◆ INSTRUCTIONS TO FOLLOW
From the data below, please reproduce exactly everything from the line that contains "Pink Sunset Mountain" down to the line that contains "スカーフクリップ ストールクリップ 花", with both ends included.

◆ PROVIDED RECORDS
┄┄┄┄┄┄

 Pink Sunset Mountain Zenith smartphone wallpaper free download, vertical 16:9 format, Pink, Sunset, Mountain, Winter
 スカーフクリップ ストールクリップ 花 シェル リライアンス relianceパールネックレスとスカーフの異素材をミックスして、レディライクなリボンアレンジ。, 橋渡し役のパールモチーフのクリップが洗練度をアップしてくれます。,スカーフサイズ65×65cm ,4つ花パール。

┄┄┄┄┄┄

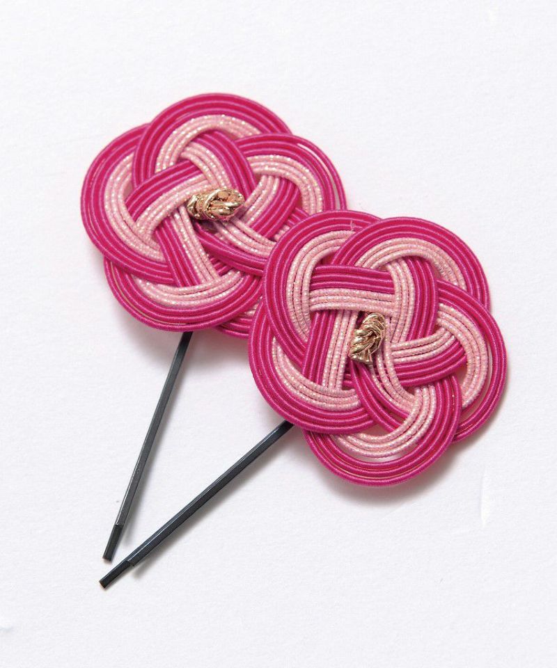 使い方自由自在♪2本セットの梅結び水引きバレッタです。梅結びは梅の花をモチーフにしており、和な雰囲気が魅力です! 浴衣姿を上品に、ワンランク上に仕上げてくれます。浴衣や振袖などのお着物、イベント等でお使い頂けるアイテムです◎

┄┄┄┄┄┄

◆ SOLUTION TO THIS TASK
 Pink Sunset Mountain Zenith smartphone wallpaper free download, vertical 16:9 format, Pink, Sunset, Mountain, Winter
 スカーフクリップ ストールクリップ 花 シェル リライアンス relianceパールネックレスとスカーフの異素材をミックスして、レディライクなリボンアレンジ。, 橋渡し役のパールモチーフのクリップが洗練度をアップしてくれます。,スカーフサイズ65×65cm ,4つ花パール。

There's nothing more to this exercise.